143 3/8, Hard to score but adds up with extra tines and odd circum.


----------



## patskat (May 22, 2004)

141


----------



## wtc3 (Aug 16, 2005)

137 2/8


----------



## FREON (Jun 14, 2005)

148 4/8


----------



## Johnny V E (May 26, 2010)

151 6/8" gross score


----------



## Jasmillertime (Mar 23, 2010)

151-4/8


----------



## RB II (Feb 26, 2009)

155 4/8


----------



## el jefe (Apr 5, 2005)

157 3/8


----------



## Law Dog (Jul 27, 2010)

167


----------



## Fin "N" Tonic (Aug 27, 2008)

141 5/8


----------



## Grinmaker (Sep 22, 2008)

145.6/8's


----------



## Johnny9 (Sep 7, 2005)

139.5


----------



## hunt2442 (May 7, 2008)

147 3/8


----------



## Pistol58 (Oct 9, 2009)

162


----------



## Auer Power (Jun 16, 2009)

158


----------



## ROBOWADER (May 22, 2004)

149 1/8


----------



## browning270 (May 29, 2008)

152 3/8s


----------



## Mad Mike (Dec 28, 2005)

156


----------



## TechTopwater (Jul 17, 2009)

159 1/4


----------



## Jonboat (Aug 16, 2005)

I think 134.5


----------



## EddieBaasen (Jun 7, 2011)

I'm going with 185.


----------



## tailrope (Sep 30, 2009)

133 & 7/8


----------



## Crab Trap (May 7, 2006)

135


----------



## M16 (May 28, 2008)

140


----------



## PBD539 (May 4, 2010)

121


----------



## notoj (Apr 25, 2006)

145 6/8


----------



## Big Mike M (May 29, 2007)

135 6/8


----------



## Deerfinder22 (Nov 27, 2007)

152 1/2


----------



## Capt.
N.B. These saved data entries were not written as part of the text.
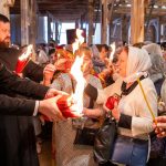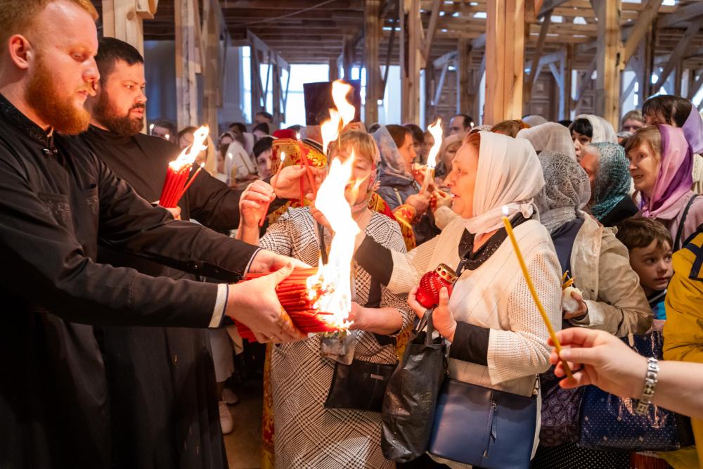 Перед праздничной Пасхальной службой был доставлен Благодатный огонь, от которого присутствующие в храме смогли зажечь свои свечи. С понедельника Светлой седмицы все желающие смогут получить Благодатный огонь в храмах епархии.
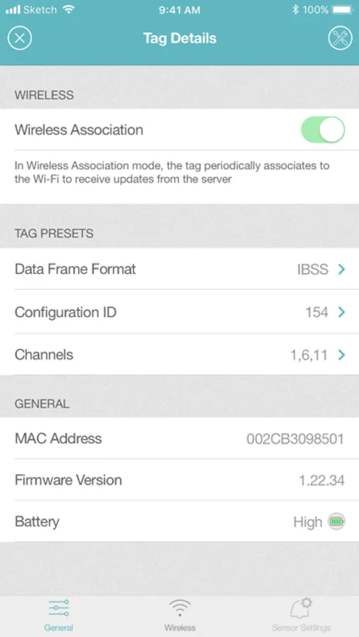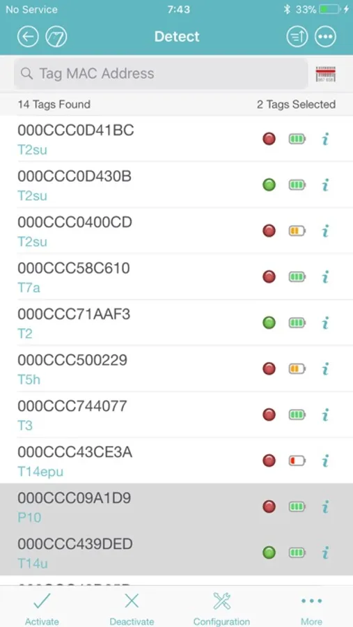 tags via Bluetooth® Low Energy (BLE) technology. The app can be used to detect, activate and view tag details, configure
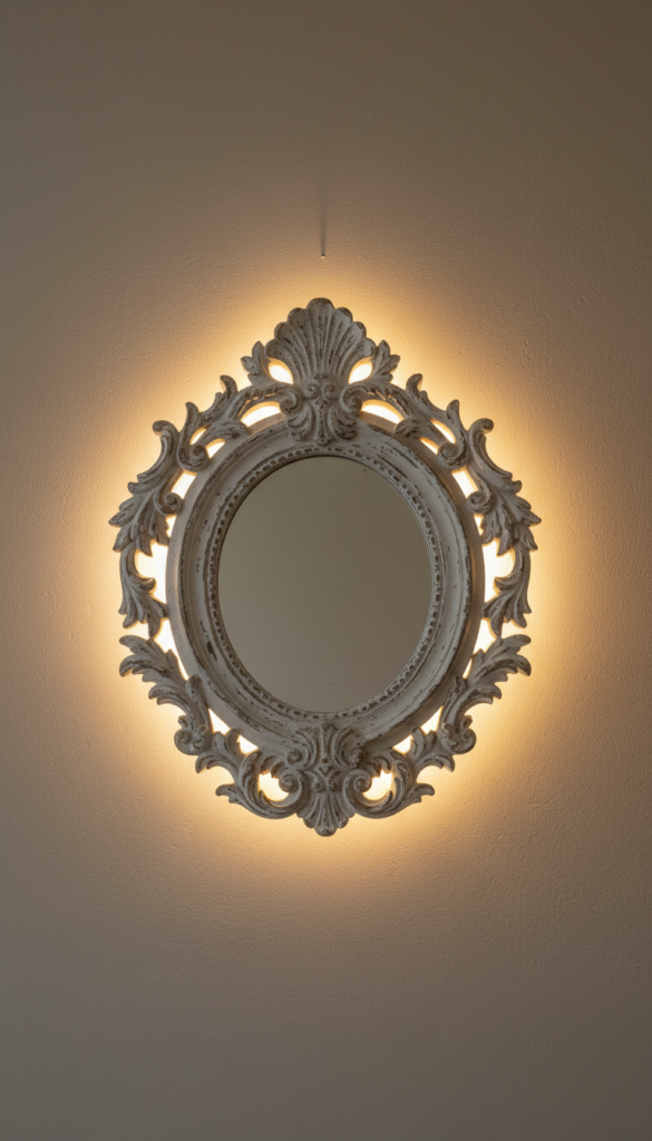 Gilded or distressed wood mirrors are common in this design style. placing an LED strip on the back of the mirror frame creates a silhouette effect against the wall. This works exceptionally well above a vanity or dresser. The light spills out from behind the ornate curves of the frame, emphasizing the craftsmanship while providing useful task lighting.
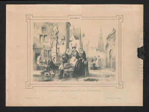 Scene De Marche Aux Poissons Devant Une Ville Flamande
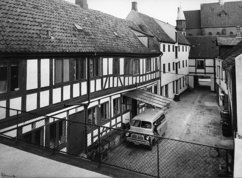 Overgade 13. Baggården. Adelgade med den katolske kirke i baggrunden
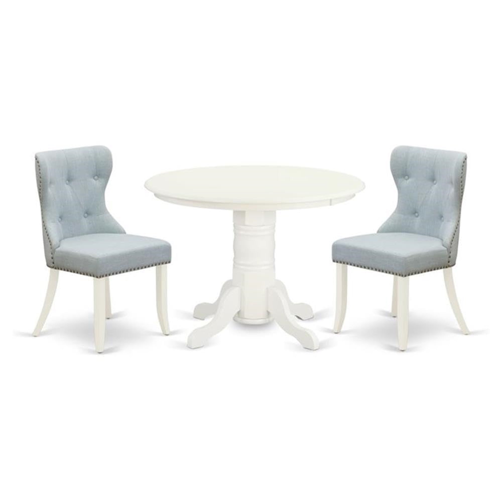 Casafoyer Shsi3-Whi-15 3 Piece Dining Room Table Set Contains A Round Wooden Table With Pedestal And 2 Baby Blue Linen Fabric Upholstered Chairs, 42X42 Inch, Linen White
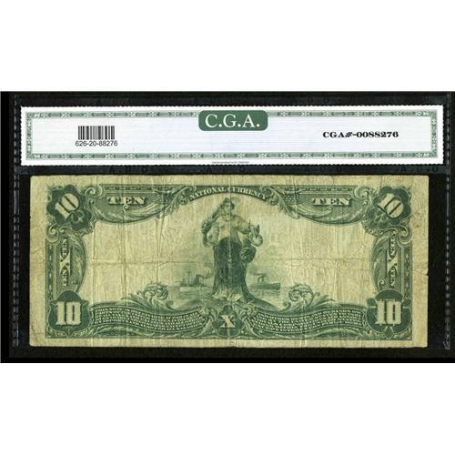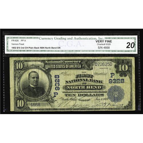<B>North Bend, OR</B></I> - $10 1902 Plain Back Fr. 626 <B>The First NB</B></I> Ch. # (P)9328<BR>Although small notes from here do turn up, large examples from this one bank Coos County location are very difficult to obtain. This pen signed specimen has been graded and encapsulated by CGA as <B>Very Fine 20,</B></I> although to our eye this is perhaps a trifle optimistic.

Juarez (Jun 20, 2008)

153 3/8 hard to tell big the palmaes are


----------



## devil1824 (Sep 4, 2010)

142.375


----------



## remi19 (Feb 27, 2008)

148 1/8


----------



## mexdeer19 (Jun 4, 2009)

138 4/8


----------



## Troutfisch (Jun 19, 2005)

139 7/8


----------



## elkhunter49 (Jun 7, 2004)

144 1/8


----------



## duk-tailed (Jun 10, 2005)

145 1/8 ???


----------



## Kyle 1974 (May 10, 2006)

150 2/8... about 8-10 more than I thought when I first looked at him.


----------



## flatscat1 (Jun 2, 2005)

146 7/8


----------



## hammerdown (Jan 10, 2009)

elkhunter49 said:


> 144 1/8


You beat me to it! How about 144 4/8


----------



## justinsfa (Mar 28, 2009)

146 5/8


----------



## Little-bit (Oct 19, 2005)

143 1/8


----------



## Treybig23 (Dec 26, 2007)

152 4/8


----------



## TXplugger (Nov 26, 2007)

Cool looking buck!! 140 7/8


----------



## WoodDuck Wizard (Nov 18, 2007)

149


Sent from my iPhone using Tapatalk


----------



## sotx23 (May 4, 2010)

150 on the nose


----------



## Mojo281 (Sep 7, 2006)

146 7/8"


----------



## BigRed6967 (Dec 9, 2010)

Nice deer 
144 1/4


----------



## big john o (Aug 12, 2005)

I would say low 130s at best... man what an ugly buck...


----------



## JDS (Jul 14, 2004)

153, did not read all the replies though so someone may have guessed that already.


----------



## Feathershredder (Nov 29, 2009)

132 1/8


----------



## SpottedAg (Jun 16, 2010)

162


----------



## mini me (Aug 7, 2006)

140 1/2


----------



## boatlift (Jun 23, 2009)

Troutfisch said:


> 139 7/8


*Ding, ding, ding!!!* We have us a winner! Congrats Troutfisch, you nailed his score of 139-7/8, a hard buck to score. When I 1st saw this bad boy walk out I thought he was a 200" animal but when I pulled the binoculars up I noticed he scored more down than up. Nevertheless a very cool old deer, just awesome. BTW I did not harvest this buck, a buddy of mine did.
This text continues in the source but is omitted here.